Jessica was growing sleepy and the noise was growing louder since a young man had arrived with a drum. Earlier the music had been supplied by a record player, and a few couples had jiggled vigorously around in a corner. Jessica and Anita had sat on folding chairs behind a table drinking canned lager out of paper cups and hoping they had not taken places reserved for local notables; but nobody had confronted them and, indeed, nobody had taken any notice of them. Four girls had provided the cabaret, hopping about over four swords laid on the floor, clad in kilts and bedecked with bits of white heather, and Jessica had supposed that their turn must have required more skill than was immediately apparent, for otherwise why would they have bothered? ‘I could do that,’ she had said and Anita had not argued. Then another girl had sung the ‘Skye Boat Song’, unaccompanied, and somebody had recited a work by Burns. It’s all very
tartan
, thought Jessica, but not very authentic. Since the locals were clearly not performing for the benefit of tourists she could only imagine that their culture had ossified into self-parody under the influence of the media and a plethora of communication. The most remote and isolated savage, having once seen himself on telly, would find his attitudes to himself and his rites subtly altered, and these people must have been constantly bombarded by reflections and images of Caledonian mores and behaviour.
Sad
, thought Jessica. Hoots mon and Haggis.

The door opened, several more people entered, including Finlay carrying a flute. The drummer put down his sticks, and someone turned the record player back on. The lights were lowered. The door opened again and someone who looked like Finlay’s sister-in-law slid in along the wall.
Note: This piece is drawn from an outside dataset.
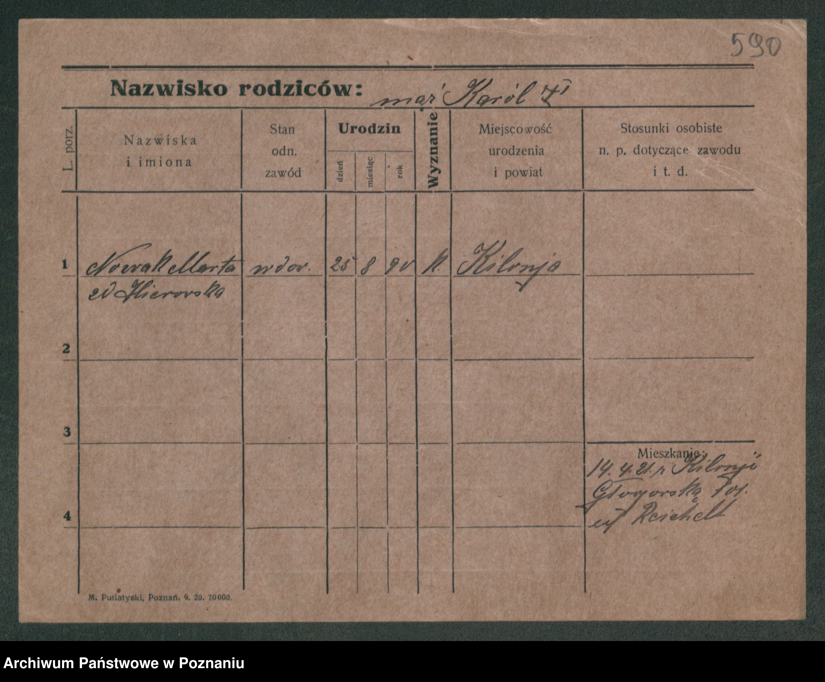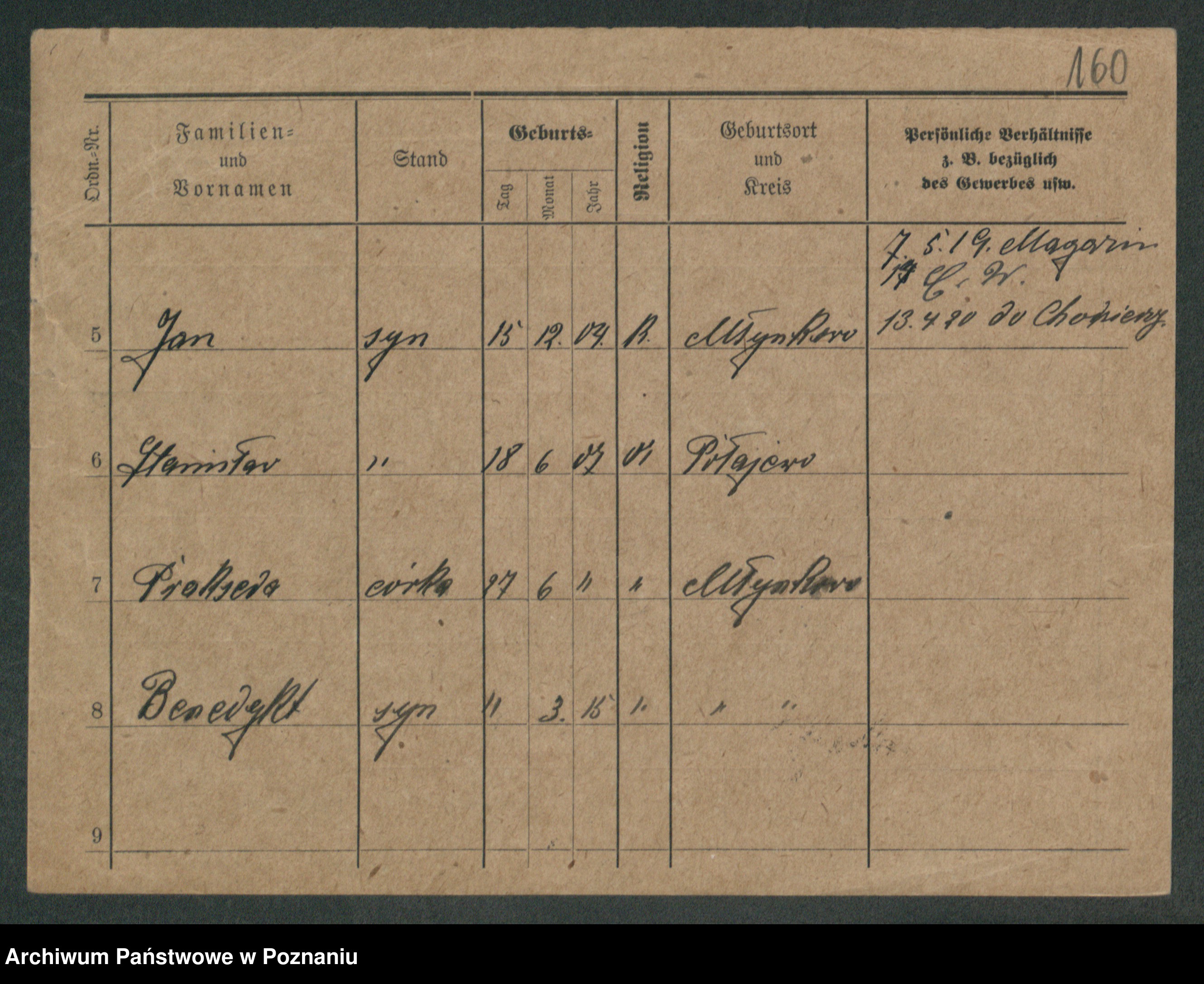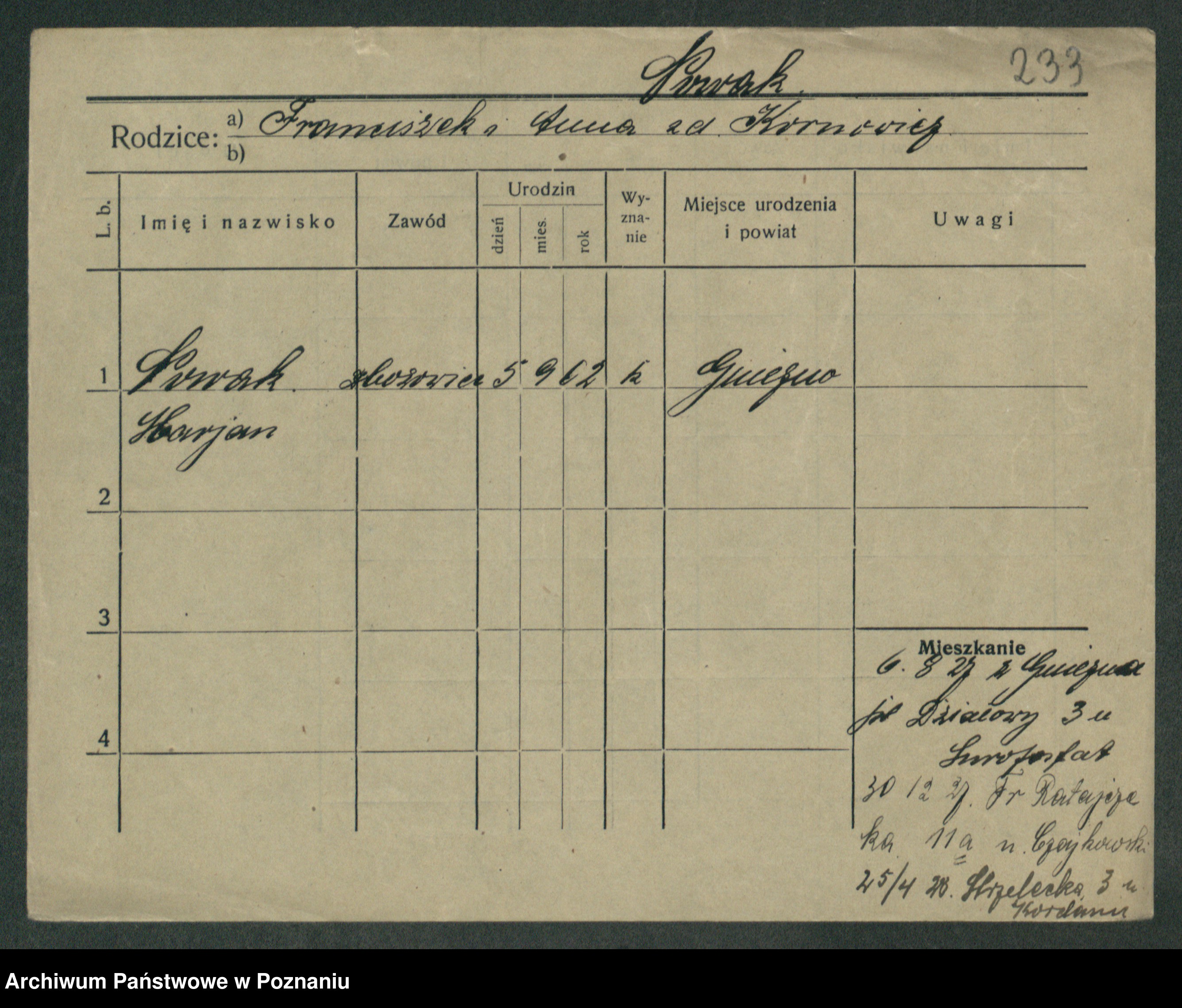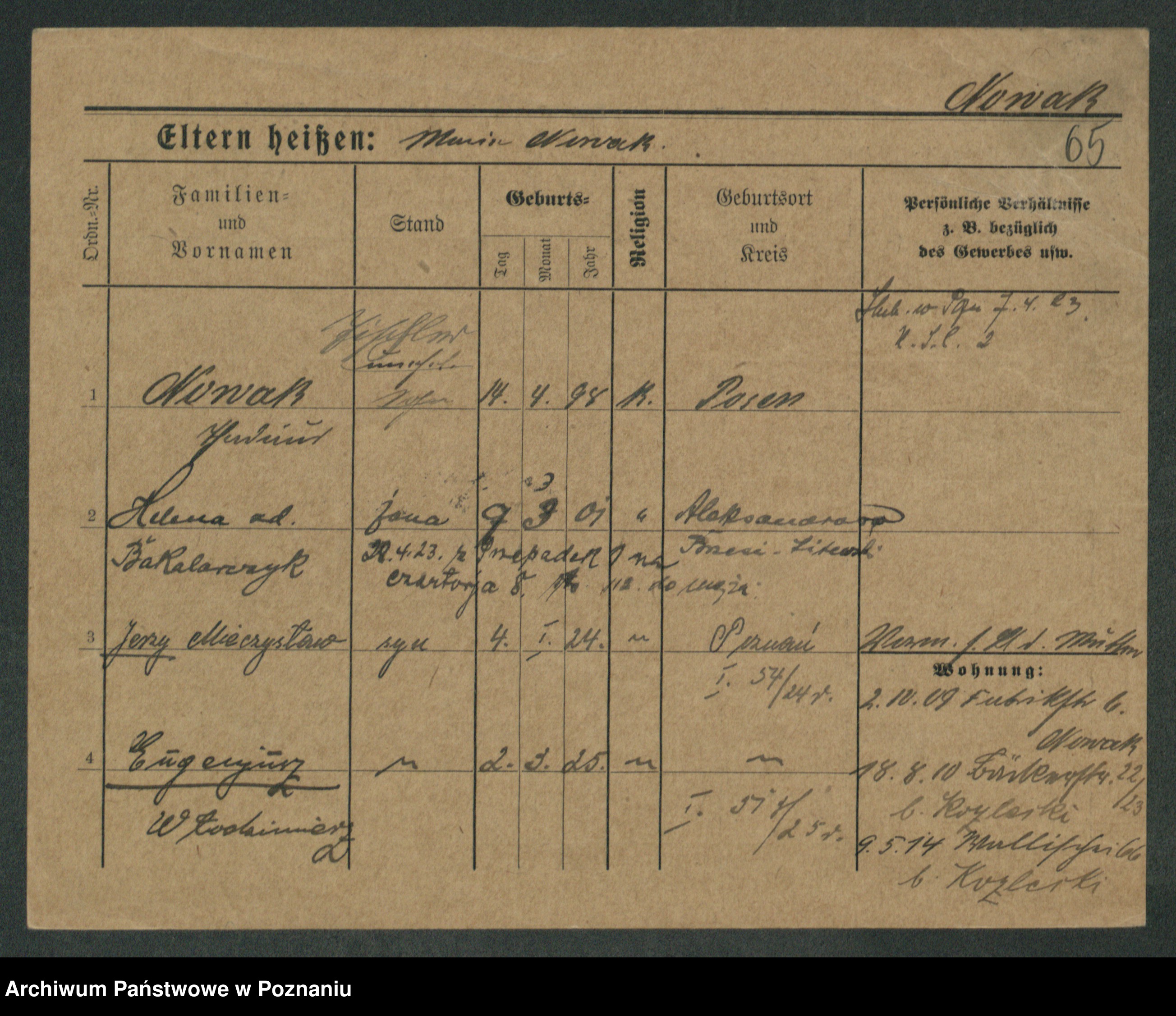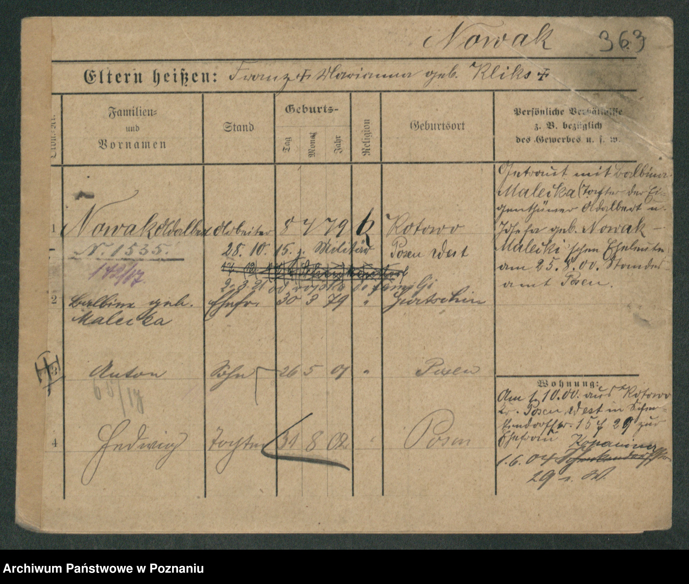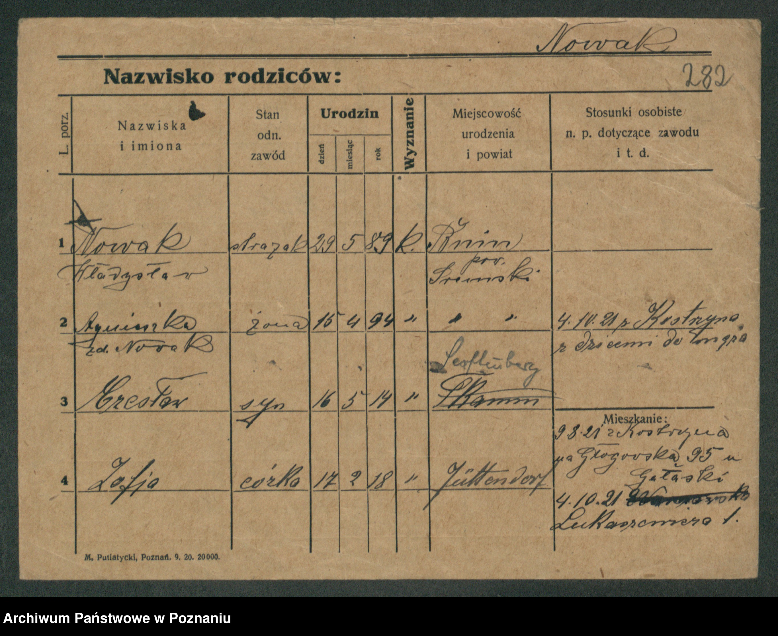 Podgląd karty osobowej dostępny jest po kliknięciu na nazwisko lub ikonkę karty. Można dokonywać powiększenia (ikony na górze) lub przechodzić między kolejnymi skanami (strzałki po bokach).

‘Either of you two ladies care to dance?’ asked the professor of Jessica and Anita. They declined: Jessica on the grounds that her feet were hurting, and Anita because she was already too hot. ‘Let me know when you want to go,’ he said, ‘and I’ll run you back in the Jag.’ He shuffled away in time to the music.

‘I’m ready for bed,’ said Anita. ‘I don’t want to wait. Shall we walk back?’ It was dark outside: the moon hidden in cloud. Jessica tripped against a low wall.

‘Oh, that’s nice,’ she said of the cool air. ‘Let’s sit here a moment until we get used to the dark.’

The door opened and the professor emerged flanked by two girls. ‘Hang on,’ he said, ‘I’ve just got to have a pee.’ He moved a foot or so from his companions and urinated over the wall on which Anita and Jessica were sitting. Perhaps he hadn’t seen them there. Jessica gave him the benefit of the doubt.

A hush followed the racket as the professor’s Jag rumbled away along the sea road. All sound had ceased in the village hall behind them. Then there came the strains of a flute: a wild melody, sweet and sorrowful and piercing – and so unfamiliar, thought Jessica, that it could seldom have been heard on the earth before. They waited until it had stopped and the moon had come out from the clouds before they started home, not speaking.

Jessica looked out to sea, and in the light from the suddenly soaring moon she saw dark shapes at the water’s edge; so many she thought she must be seeing things. ‘Seals,’ she said. ‘Look. There are hundreds of them out there . . .’ but when Anita looked they had gone.

Jon, walking soundlessly behind them on cushioned soles, saw nothing but the white drift of Jessica’s cashmere scarf. It covered her brown hair and swathed her pale neck, guiding him through the shadows.

 

‘Do you suppose this place is haunted?’ asked Anita the next morning. She had skipped breakfast because her waistband was feeling tight and had joined the others for elevenses. ‘I heard noises in the night.’

‘People go to the bathroom in the night,’ said Ronald.